Дед отпаивает Валю чаем из своей большой кружки с гравировкой «Лучшему шахтеру» и смеется до слез. И Валя уходит просветленной. Улыбается. И не она одна.

Лучший друг деда, Мечтанин, тоже. Порывистый, как подросток, седой, испуганный и ссутуленный, почти как знак вопроса. Мама говорит, что у него искривление позвоночника – Мечтанин инженер и много чертит. Но я-то знаю правду. Он постоянно шепчет секреты на ухо моему кругленькому невысокому деду. От этого и искривился. Они и сейчас идут рядом, двое, подходящие друг другу, как частички пазла. Мечтанин, широко раскрыв глаза и прикрывая дедовское ухо ладонью, чтобы никто не слышал, рассказывает, как коровник Собачкин продал на рынке сепарированное молоко. Покупатель, придя домой, молоко попробовал, вернулся на рынок и вылил всю трехлитровую банку Собачкину на голову. Смеется дед, смеется, воровато оглядываясь, Мечтанин, смеется Собачкин, случайно оказавшийся у него за спиной. Смеюсь я.
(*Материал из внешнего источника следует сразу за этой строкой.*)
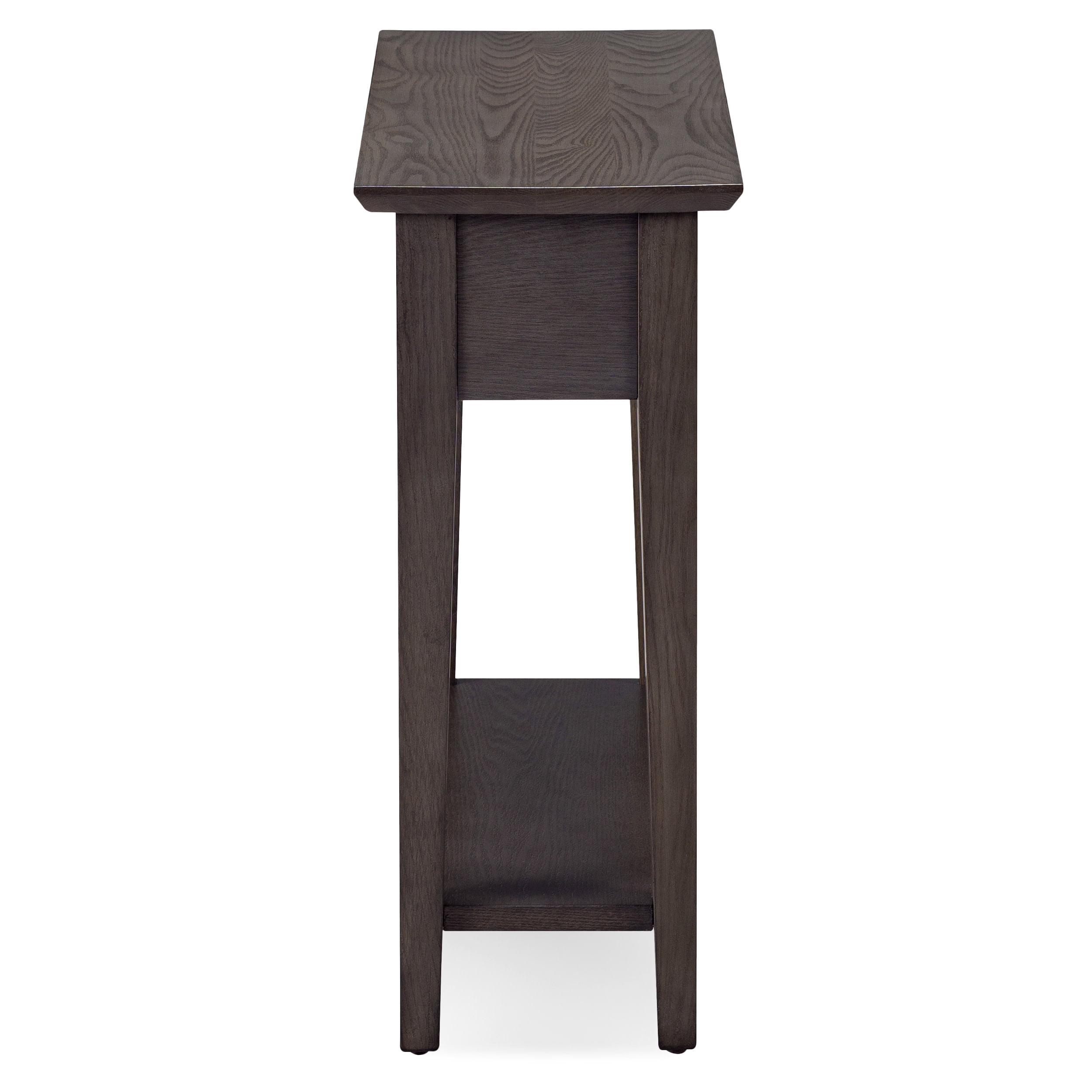 The Leick Home 10071-GR Narrow Chairside Table, finished in smoke gray, is an ultimately versatile design alongside or between seating pieces designed to complement many popular color and furnishing approaches. Scaled to fit most anywhere but generous in function with surface, drawer, and shelf display uses. A solid wood drawer box offers a sturdy place to stow away small items. Designed and manufactured by Leick Home, the trusted source for quality home furnishings for every taste and budget.

Нет, я пока еще не знаю, что такое сепарированное молоко, и ошибочно полагаю, что именно в этом и есть соль шутки. Просто светит солнце, смеется дед, а Мечтанин дал мне круглую конфету. Он всегда дает мне круглые конфеты. Я уверена, что он вообще обожает все круглое – своего пса Шарика, корову Орбиту, моего деда и немножко меня. Я тоже довольно круглая. А дед, наоборот, любит длинное. Пшеничную соломку, колбасу, самодельные трости, дрова, лопату, бабушку, Мечтанина и меня. Меня, конечно, больше всех.

И если он хочет, чтобы мне сейчас было четыре, пусть, мне не трудно. Ведь если мне четыре, то дед еще здоров и весел. Он даже еще не вышел на пенсию ветераном труда и вскапывает огород, улыбаясь весеннему солнцу. Мне скучно, и я снова привязываюсь к нему с извечным вопросом, во что мне поиграть. Дед предлагает сыграть в прятки. Я рада. Я люблю играть с дедом. Правда, я подозреваю, что искать меня он не станет, потому что копать ему еще много, а помогать ему я отказываюсь – говорю, что от лопаты у меня, как и у него, болит «прясница», и не понимаю, почему он смеется.

Я прячусь в курятнике, сижу и боюсь, что войдет петух и наквохчет на меня. Но здесь дед точно меня искать не станет. Как раз из-за петуха. Устав бояться, я выхожу из укрытия. Дед продолжает копать. Я злюсь и, уперев руки в боки, смотрю на него с укоризной. Дед смеется. Этого, в общем-то, достаточно, чтобы уладить конфликт, но он все же оправдывается:

– Ты где была? Я везде искал! Никак найти не мог! Как сквозь землю провалилась! Я и копать-то начал, думаю, вдруг тебя из-под земли выкопаю!

Я довольна. Я чувствую себя мастером конспирации и собираюсь рассказать деду, что всегда пряталась в курятнике, но мне внезапно уже тринадцать.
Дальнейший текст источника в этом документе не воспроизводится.